ROSE: I been standing with you! I been right here with you, Troy. I got a life too. I gave eighteen years of my life to stand in the same spot with you. Don't you think I ever wanted other things? Don't you think I had dreams and hopes? What about my life? What about me? Don't you think it ever crossed my mind to want to know other men? That I wanted to lay up somewhere and forget about my responsibilities? That I wanted someone to make me laugh so I could feel good? You not the only one who's got wants and needs. But I held on to you, Troy. I took all my feelings, my wants and needs, my dreams . . . and I buried them inside you. I planted a seed and watched and prayed over it. I planted myself inside you and waited to bloom. And it didn't take me no eighteen years to find out the soil was hard and rocky and it wasn't never gonna bloom. But I held on to you, Troy. I held you tighter. You was my husband. I owed you everything I had. Every part of me I could find to give you. And upstairs in that room . . . with the darkness falling in on me . . . I gave everything I had to try and erase the doubt that you wasn't the finest man in the world. And wherever you was going . . I wanted to be there with you. Cause you was my husband. Cause that's the only way I was gonna survive as your wife. You always talking about what you give . . . and what you don't have to give. But you take, too. You take . . . and don't even know nobody's giving! (ROSE turns to exit into the house; [end of student production] TROY grabs her aim.)
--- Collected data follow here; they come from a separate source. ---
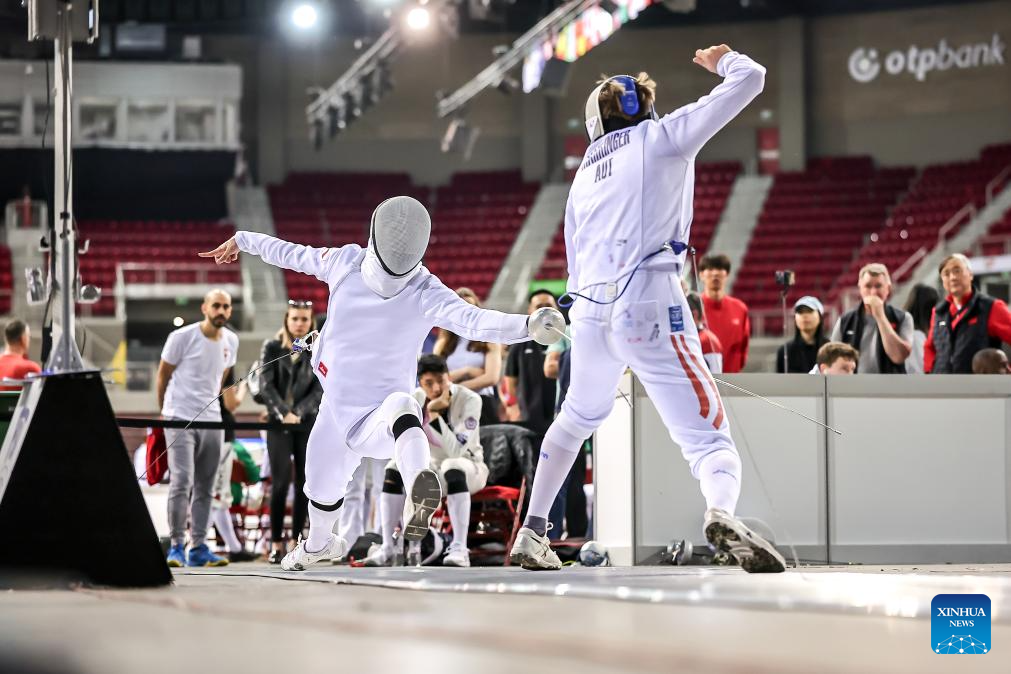 Zhang Xinkun (L) of China competes against Josef Mahringer of Austria at the FIE Westend Grand Prix in Budapest, Hungary, on April 18, 2026. (Photo by David Balogh/Xinhua)
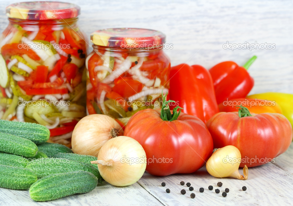 В трехлитровую банку положить укроп, петрушку, 5-6 горошков черного перца, 3 зубчика чеснока, 3-4 кружочка тонко нарезанного кабачка, 2-3 стручка болгарского перца (очищенного от семян), 3-4 корнишона, кусочек свеклы, разрезанную на 4 части морковь, 4-5 небольших помидоров, 200 г нашинкованной белокочанной капусты (можно заменить соцветиями цветной капусты), 4 разрезанные пополам луковицы. Залить горячим маринадом и стерилизовать 10 минут.
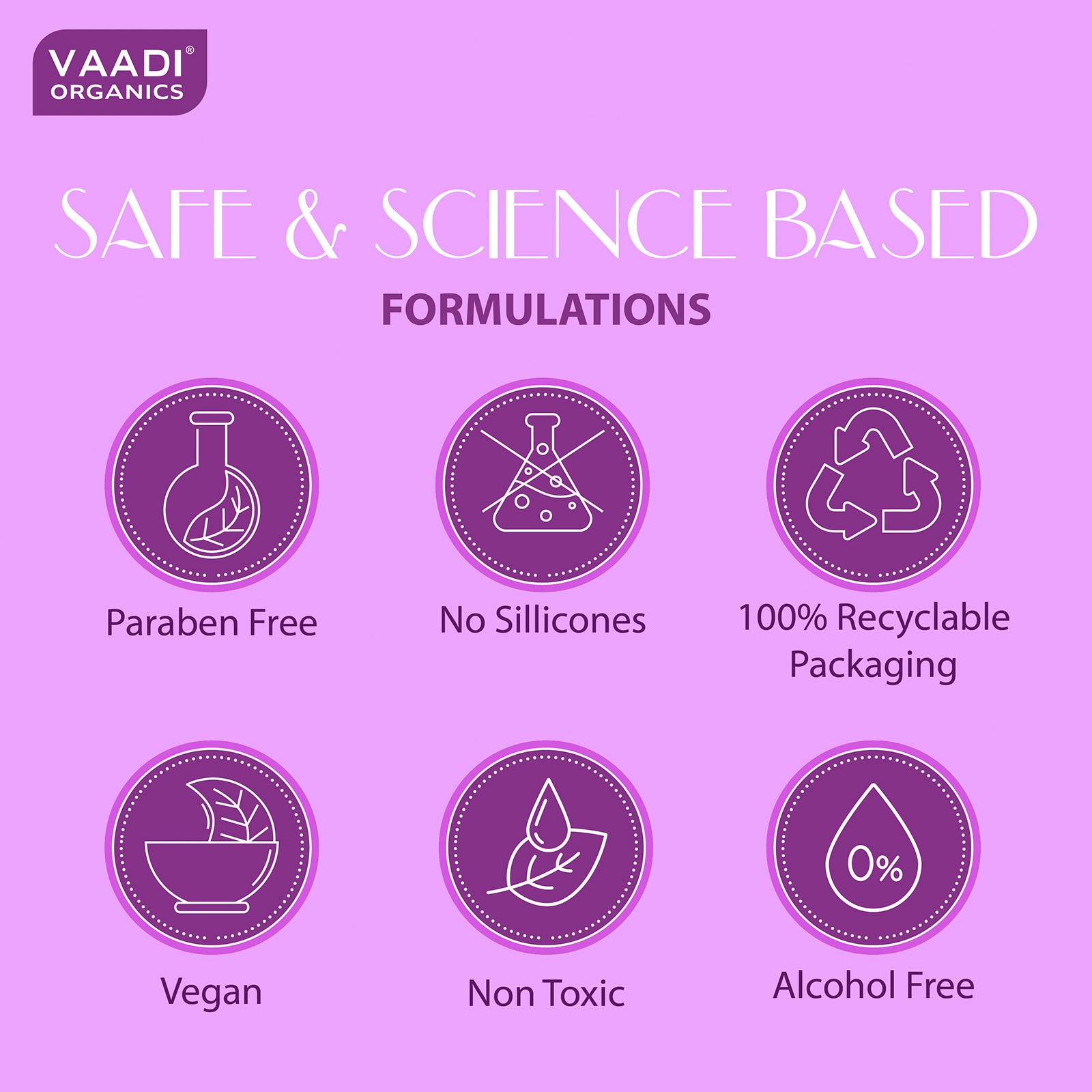 Vaadi Herbals 10% Niacinamide along with 1% Zinc is proven to effectively reduce appearance of dark spots, blemishes and pigmentation in just 3 weeks. The presence of zinc in this formulation balances the production of sebum in skin and reduces inflammation, leaving the skin texture smooth and nourished, with no sticky residue.
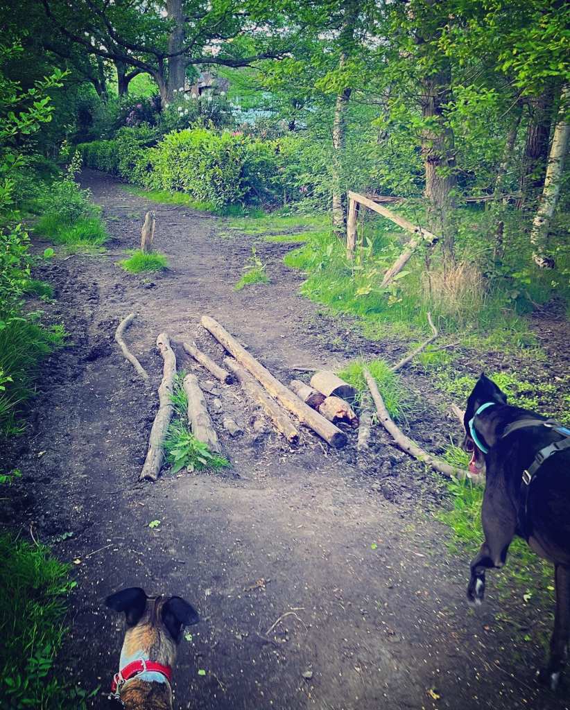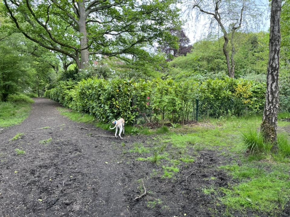 Follow this to where there are a load of tree branches on the floor in the mud (for walking over when it’s really wet here). This is just before you get to the boundary of Heather Court, which is the property with the gravel drive that you passed on the outward leg.
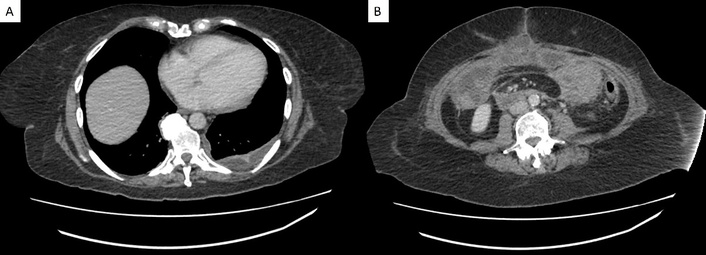 Follow-up transverse CT imaging findings. (A) Left pleural effusion with a split pleura sign, indicative of empyema. (B) Midline rim-enhancing fluid collections within the postsurgical midline incision. CT: computed tomography.

TROY: You say I take and don't give!

ROSE: Troy! You're hurting me!

TROY: You say I take and don't give.

ROSE: Troy. Troy. No! (TROY gets to his feet and starts at CORY.) Troy . . . no. Please! Troy!

(ROSE pulls on TROY to hold him back. TROY stops himself.)

TROY: (To CORY.) Alright. That's strike two. You stay away from around me, boy. Don't you strike out. You living with a full count. Don't you strike out. (TROY exits out the yard as the lights go down.)